The disappearance of Kyai and Kason triggered a statewide Amber Alert and garnered national attention.
The two babies were taken from their mother’s stopped car at around 9:45 p.m. Dec. 19 when she walked into Donatos Pizza in Columbus to pick up a Door Dash order.
When he turned around, his car was missing, police said.
In a 911 call, Barnett can be heard telling dispatchers, “Someone just stole my car and my babies are in there.”
“I was right here and all I was doing was grabbing this pizza. I was right here, I didn’t even go into the building,” she said.
The alleged kidnapper of both babies, Naleh Jackson, 24, who is also a known child molester, was arrested Thursday. She has been charged with two counts of kidnapping.
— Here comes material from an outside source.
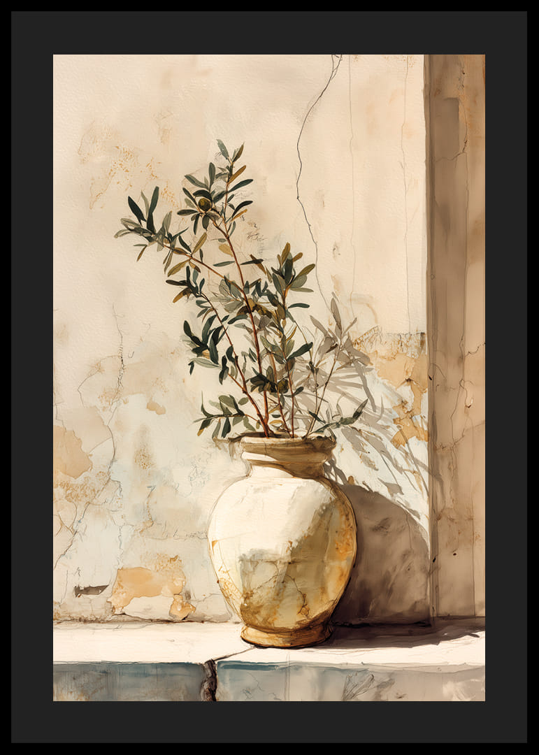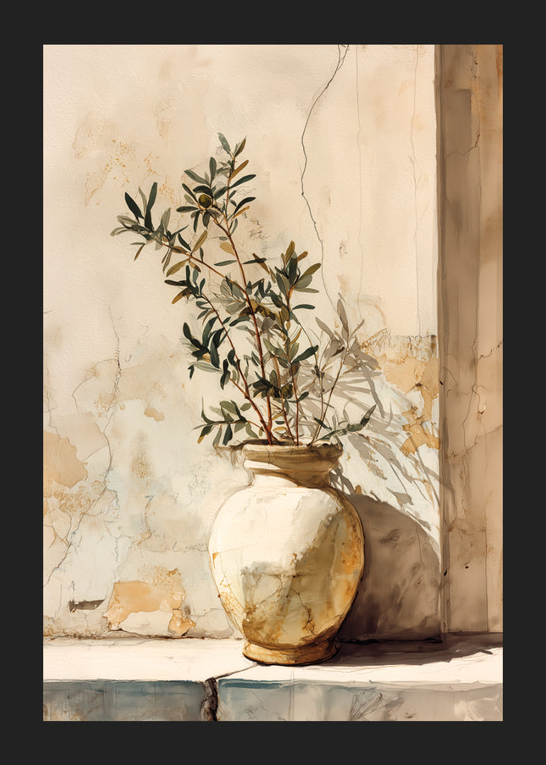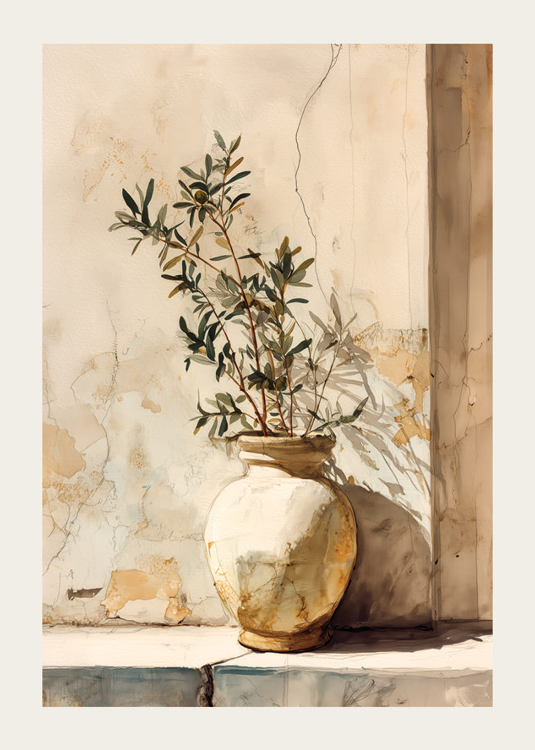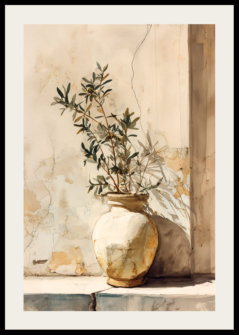 Denna poster fångar en solbelyst kruka som står mot en vägg med ljusa pastellfärger och åldrat gips, vilket ger en känsla av tidlöst lugn. De mjuka skuggorna och dova färgerna skapar en elegant och nostalgisk atmosfär. Posterns enkelhet och subtila nyanser gör den till en perfekt dekoration för att förvandla vilket rum som helst till en fridfull oas och tillföra en antydan av naturlig skönhet och charm.

Wilhelmina Barnett pictured with her twin sons
Kyair was found early December 20 in the parking lot of the Dayton International Airport after the Amber Alert. Someone found the child in a car seat between cars.
After the second child, Kason, was found Dec. 22 outside another Papa John’s pizzeria, 24-year-old Naleh Jackson was arrested on kidnapping charges. She was not with the baby when she was arrested.
She was charged with two counts of federal kidnapping of a child and appeared in federal court in Columbus last week but pleaded no guilty.
Employees at the original pizzeria in Columbus said a homeless person, now understood to be Jackson, was inside the restaurant but left when Barnett entered, Columbus Police Chief Elaine Bryant said.
Jackson has a criminal record and had been accused of abusing her own son. In June 2021, she pleaded guilty to child endangerment after her 11-month-old son fell down a ladder. reported the Columbus Dispatch.
She was then sentenced to 13 days in prison and placed on two years’ probation.
In September 2021, Jackson went to the National Youth Advocacy Center for a supervised visit with her children, but ran away and stopped a stranger’s car, police said.